Space Complexity: O(n) to store n elements, plus O(n) for pointers.

Single-linked list vs Array:

Feature Singly-Linked List Array
Access O(n) (sequential traversal) O(1) (direct index access)
Insertion/Deletion (at arbitrary position) O(n) (requires traversal to find position) O(n) (requires shifting elements)
Insertion/Deletion (at beginning) O(1) O(n) (requires shifting all elements)
Insertion/Deletion (at end) O(n) (without tail pointer), O(1) (with tail pointer) O(1) (amortized for dynamic array), O(n) (fixed array if resize needed)
Memory Dynamically allocated, scattered Contiguous block of memory
Overhead O(n) for pointers O(1) per element (if fixed size), may have unused space in dynamic arrays
Size Dynamic, easily expandable/shrinkable Fixed (for static arrays) or dynamic (with potential reallocations)

Uses of the Single-Linked List:

  • Implementing other data structures (e.g., Stacks, Queues, Hash Tables using chaining).
  • Dynamic memory allocation (managing free lists).
  • Representing polynomial equations.
  • Building file systems.

Python Example Implementation (Basic):

from typing import Any, Optional

class Node:
    """Represents a node in a single-linked list."""
    def __init__(self, value: Any):
        self.value = value
        self.next: Optional[Node] = None # Pointer to the next node

class SingleLinkedList:
    """Basic implementation of a single-linked list."""
    def __init__(self):
        self._head: Optional[Node] = None   # Head of the list
        self._size: int = 0                 # Number of elements in the list

    def is_empty(self) -> bool:
        """Checks if the list is empty."""
        return self._head is None

    def __len__(self) -> int:
        """Returns the number of items in the list."""
        return self._size

    def add_first(self, item: Any):
        """Adds an item to the beginning of the list (O(1))."""
        new_node = Node(item)
        new_node.next = self._head  # The new node points to the current head
        self._head = new_node       # The list's head is now the new node
        self._size += 1

    # Note: add_last (append) would be O(n) without a tail pointer:
    # def add_last(self, item: Any):
    #     new_node = Node(item)
    #     if self.is_empty():
    #         self._head = new_node
    #     else:
    #         current = self._head
    #         while current.next is not None:
    #             current = current.next
    #         current.next = new_node
    #     self._size += 1

    def search(self, item: Any) -> bool:
        """Searches for an item in the list (O(n))."""
        current = self._head
        while current is not None:
            if current.value == item:
                return True
            current = current.next
        return False

    def __contains__(self, item: Any) -> bool:
        """Allows 'item in list' syntax. Uses search(item)."""
        return self.search(item)

    def remove_first(self) -> Any:
        """Removes and returns the first item (O(1)). Raises IndexError if empty."""
        if self.is_empty():
            raise IndexError("remove_first called on empty list")
        removed_value = self._head.value
        self._head = self._head.next # Move the head pointer to the next node
        self._size -= 1
        return removed_value

    # Note: remove_last would be O(n) without storing previous nodes (e.g., in DLL) or traversing
    # Note: remove(item) would also be O(n) requiring traversal to find the item and its predecessor.

    def __iter__(self):
        """Allows iteration (e.g., 'for item in list')."""
        current = self._head
        while current is not None:
            yield current.value
            current = current.next

    def __str__(self) -> str:
        """String representation for easy printing."""
        items = [str(item) for item in self]
        return f"SingleLinkedList([{' -> '.join(items)}])"

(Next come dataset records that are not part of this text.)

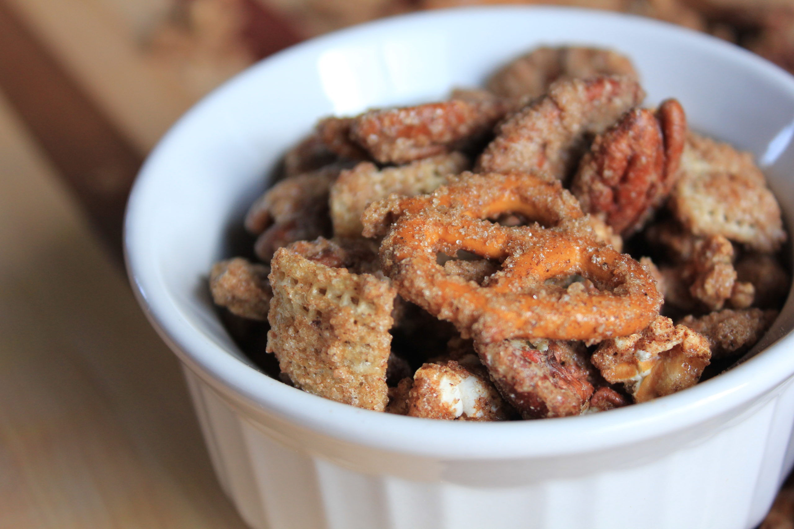 - Combine the popcorn, rice cereal, pretzels, and nuts in a large bowl.
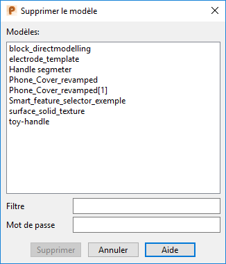 Vous pouvez effacer les modèles indésirables qui sont stockés dans la base de données. Les modèles stockés en dehors de la base de données peuvent être effacé comme tout autre fichier en utilisant l'explorateur de Windows.
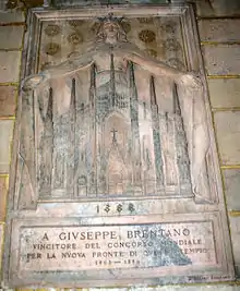 His statuette, Il barcaiuolo, was exhibited in 1883, and the next year in Turin. He also completed the bronze statuary group Due giugno; Apoteosi (1886); Leda (1887, Mostra di Venice); a stucco Mater dolorosa (1888, Bologna); a bronze figurine of Il panattiere; and Maria, a marble bas-relief.[2] At the Galleria d'Arte Moderna of Milan, a half dozen of his works are displayed: a bronze bas-relief of Pindar in the Theater of Athens (1891); a stucco bas-relief of Bathers (1891); a marble Portrait of the poet Gian Pietro Lucini (1897); a marble bust of Maniscalco (1900); a bronze Virago (1907); and a bronze Bustino di Ragazzo (1910).[3]
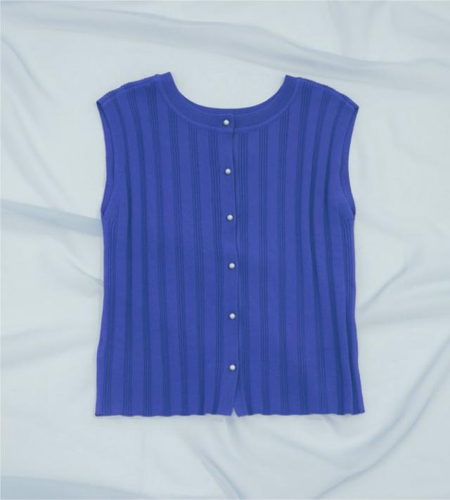 上品なパールボタンはバックスタイルにするとカジュアルスタイルにもマッチ。
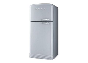 Отдельностоящие холодильно-морозильные комбинации "стиль 50-х годов",Отдельностоящий холодильник. Общий объем 400 л. Полезный объем холодильной камеры 310 л, объём морозильной камеры 76 л. Класс энергопотребления «А+», годовой расход электроэнергии 310 кВт/ч, размеры (В х Ш х Г): 187 х 70,5 х 74,2 см, цвет: серебристый. None
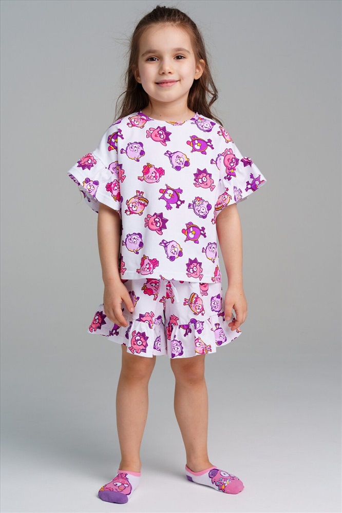 Комплект: футболка, шорты из трикотажа с высоким содержанием хлопка 95%. Благодаря наличию эластана в составе ткани, изделие проще в уходе и держит форму. Шорты прямого кроя. Эластичный пояс с тесьмой позволяет легко надевать шорты и утягивать до комфортной посадки.
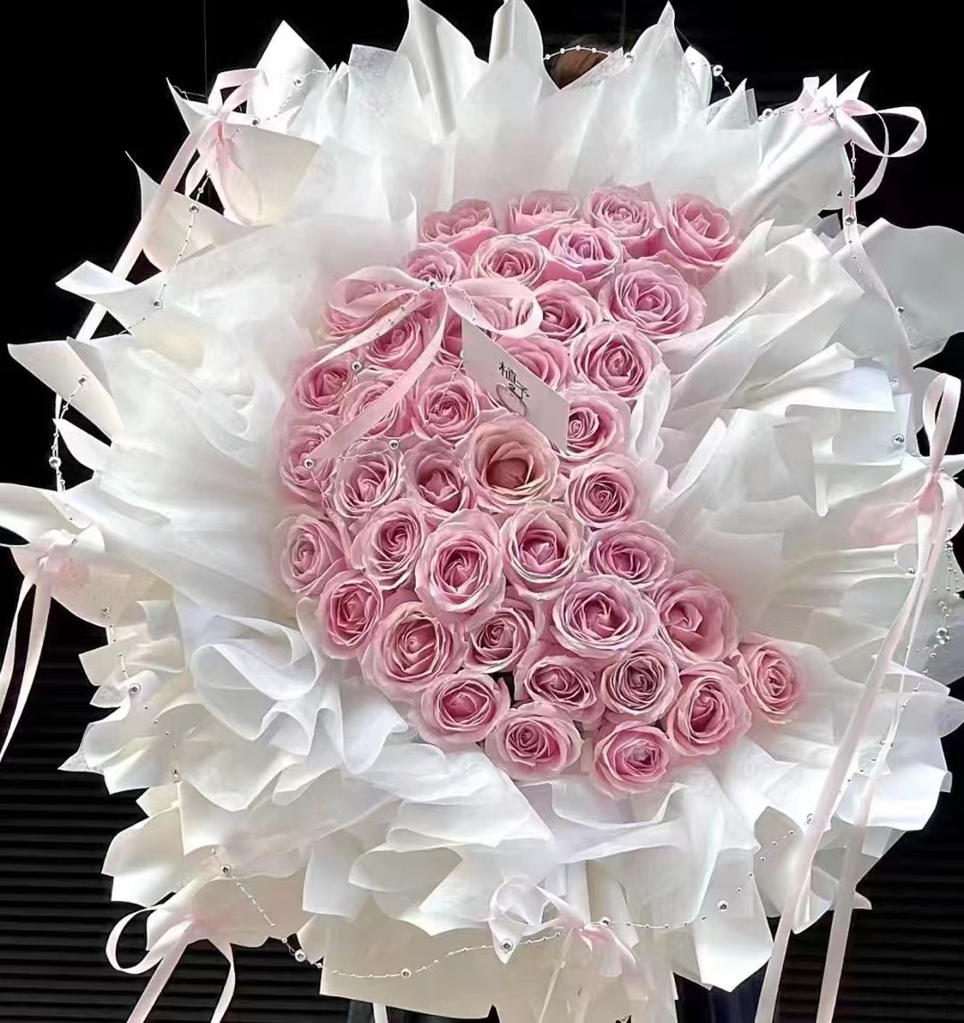 心上人-52支粉玫瑰月亮造型

    def __repr__(self) -> str:
        """Representation for debugging."""
        return str(self)


# Example Usage:
sll = SingleLinkedList()
sll.add_first(10)       # List: 10
sll.add_first(20)       # List: 20 -> 10
sll.add_first(30)       # List: 30 -> 20 -> 10

print(sll)              # Output: SingleLinkedList([30 -> 20 -> 10])
print(f"Size: {len(sll)}") # Output: Size: 3
print(f"Contains 20? {20 in sll}") # Output: Contains 20? True
print(f"Contains 50? {50 in sll}") # Output: Contains 50? False

first = sll.remove_first()
print(f"Removed first: {first}") # Output: Removed first: 30
print(sll)              # Output: SingleLinkedList([20 -> 10])
print(f"Size: {len(sll)}") # Output: Size: 2

for item in sll:
    print(f"Iterating: {item}") # Output: Iterating: 20, Iterating: 10

# sll.remove_first() # List: 10
# sll.remove_first() # List: []
# sll.remove_first() # Raises IndexError

Comparison with Python's Built-in List:

Python's built-in list is implemented as a dynamic array. While it provides operations that mimic some linked list behaviors, the underlying mechanism is different, leading to different performance characteristics for some operations:

# Same operations using Python's built-in list
python_list = []

# add_first equivalent: insert at index 0
# Note: This is O(n) for Python's list because it requires shifting all existing elements.
python_list.insert(0, 10) # List: [10]
python_list.insert(0, 20) # List: [20, 10]
python_list.insert(0, 30) # List: [30, 20, 10]

print(python_list) # Output: [30, 20, 10]
print(f"Size: {len(python_list)}") # Output: Size: 3

# search equivalent: 'in' operator
print(f"Contains 20? {20 in python_list}") # Output: Contains 20? True
print(f"Contains 50? {50 in python_list}") # Output: Contains 50? False

# remove_first equivalent: pop(0)
# Note: This is O(n) for Python's list because it requires shifting all remaining elements.
first = python_list.pop(0)
print(f"Removed first: {first}") # Output: Removed first: 30
print(python_list) # Output: [20, 10]
print(f"Size: {len(python_list)}") # Output: Size: 2

# Iteration is O(n) for both, but arrays might benefit from cache locality
for item in python_list:
    print(f"Iterating: {item}") # Output: Iterating: 20, Iterating: 10

The Python list is generally faster for random access (list[i]) and appending (list.append()), while a linked list (especially a doubly-linked list) is faster for insertions and deletions within the list or at the beginning/end if you have direct pointers to those locations. The overhead per element is also higher in a linked list due to the storage required for pointers.

Doubly-Linked List

A doubly-linked list is a sequence of nodes where each node contains:

  1. The data (or value) of the element.
  2. A pointer (or reference) to the next node in the sequence.
  3. A pointer (or reference) to the previous node in the sequence.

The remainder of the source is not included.